Hi Seattle_Aquarist,

I have never used any chemicals on my lawn or garden for insect/disease control.


----------



## JeffyFunk (Apr 6, 2006)

As long as you are using 'soil' and not 'compost', there is no reason not to use it for making mineralized soil or for using it as is. The whole point of using top soil and mineralizing it is to REMOVE all of the easily decomposed material from the soil and create a more consistent substrate material for your plants. Many of the potential problems with using soil as a substrate are the result of having a variable starting material (esp in terms of organic matter) - mineralizing helps to remove that variability. 

This is actually very different from regular gardening where the mantra is usually add more organic matter to your soil in the form of compost.
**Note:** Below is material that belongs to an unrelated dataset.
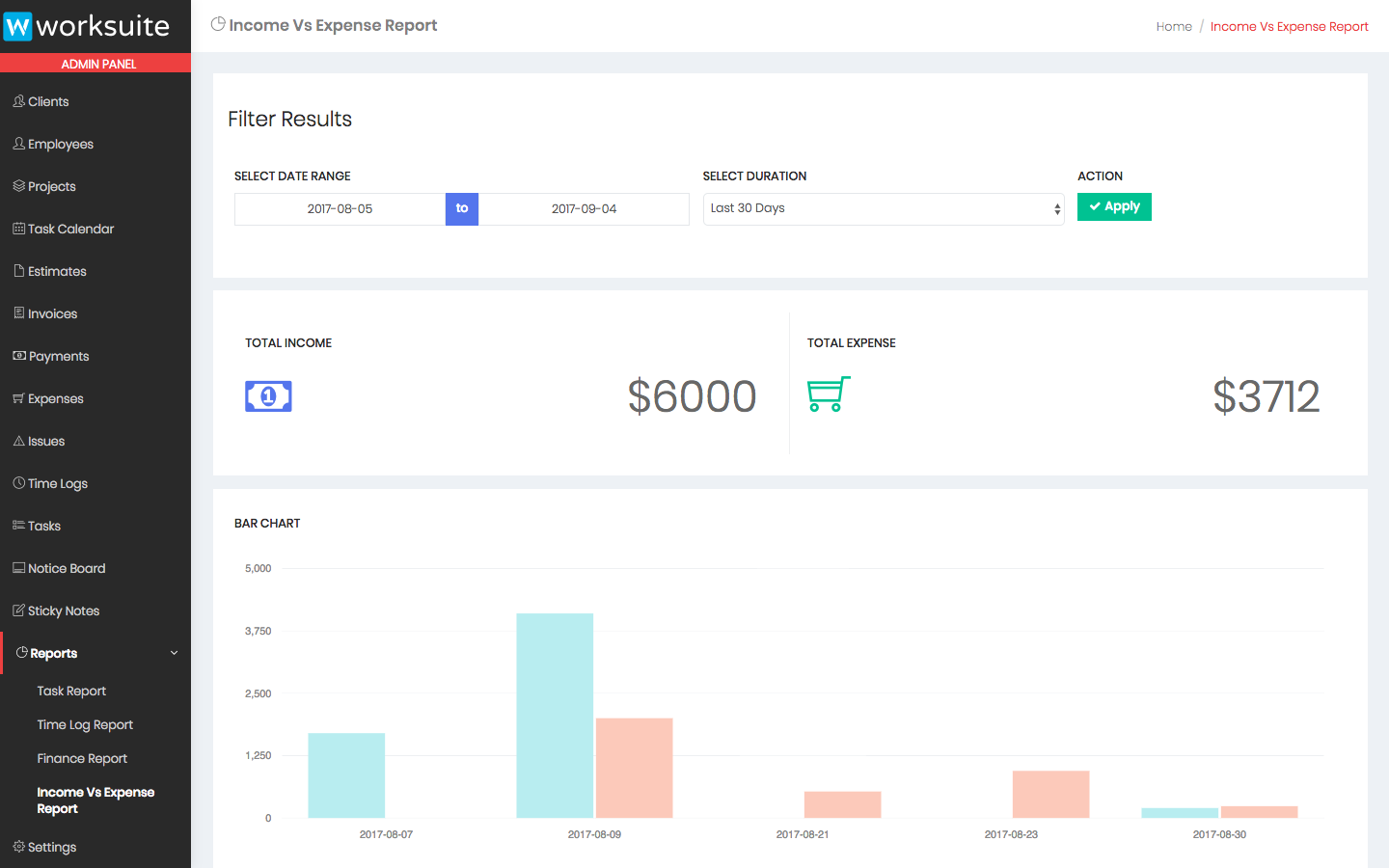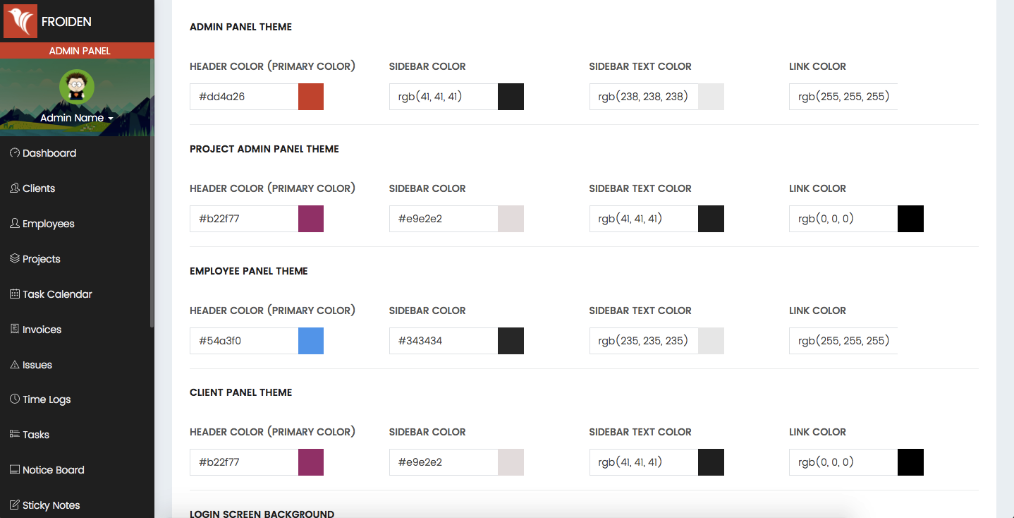 Admin dashboard shows important information about your projects, payments, clients and employees.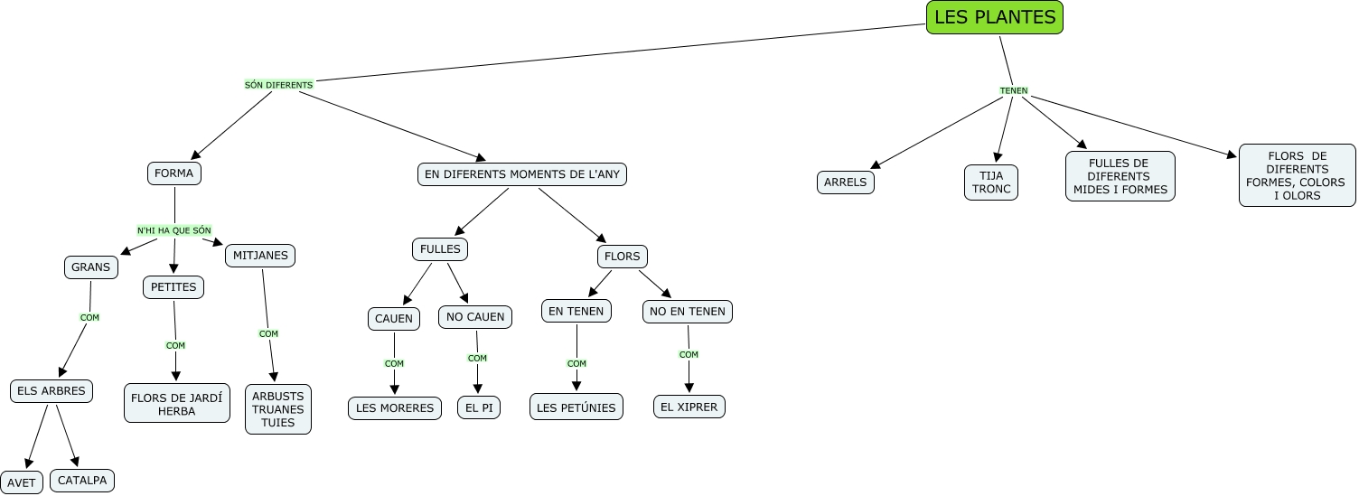 Aquest mapa conceptual conté informació relacionada amb: PLANTES EI, FORMA N'HI HA QUE SÓN MITJANES, CAUEN COM LES MORERES, FORMA N'HI HA QUE SÓN PETITES, ELS ARBRES AVET, LES PLANTES TENEN FLORS DE DIFERENTS FORMES, COLORS I OLORS, LES PLANTES TENEN TIJA TRONC, FULLES CAUEN, EN DIFERENTS MOMENTS DE L'ANY FLORS, FLORS NO EN TENEN, LES PLANTES TENEN ARRELS, GRANS COM ELS ARBRES, LES PLANTES TENEN FULLES DE DIFERENTS MIDES I FORMES, ELS ARBRES CATALPA, EN TENEN COM LES PETÚNIES, FLORS EN TENEN, FORMA N'HI HA QUE SÓN GRANS, LES PLANTES SÓN DIFERENTS EN DIFERENTS MOMENTS DE L'ANY, NO CAUEN COM EL PI, EN DIFERENTS MOMENTS DE L'ANY FULLES, MITJANES COM ARBUSTS TRUANES TUIES

Incorporating compost into garden soils also has the effect of adding nutrients and creating a more... 'loose' structure to allow for microbes and worms and bugs and stuff to help aid on decomposition and increase air circulation in the substrate. Air, as far as i know, is not needed in the substrate and the aquatic plants have evolved to protect themselves from potentially anaerobic substrate conditions anyways.


----------



## Michael (Jul 20, 2010)

Bacon, welcome to APC!

Your compost pile sounds like mine. I've never used my own compost in a tank (too coarse and inconsistent), but a neighbor produces high quality compost and I have used that. When I use compost, I soak-and-drain or mineralize it first, then mix it 50/50 with a high cation exchange capacity (CEC) material like Safe-T-Sorb.

As Jeffy points out, compost is often too rich for use as an aquarium substrate. You are planning to use a soil/compost mix from the bottom of your pile, so this should be less rich. His advice to mineralize the mix first is a good idea.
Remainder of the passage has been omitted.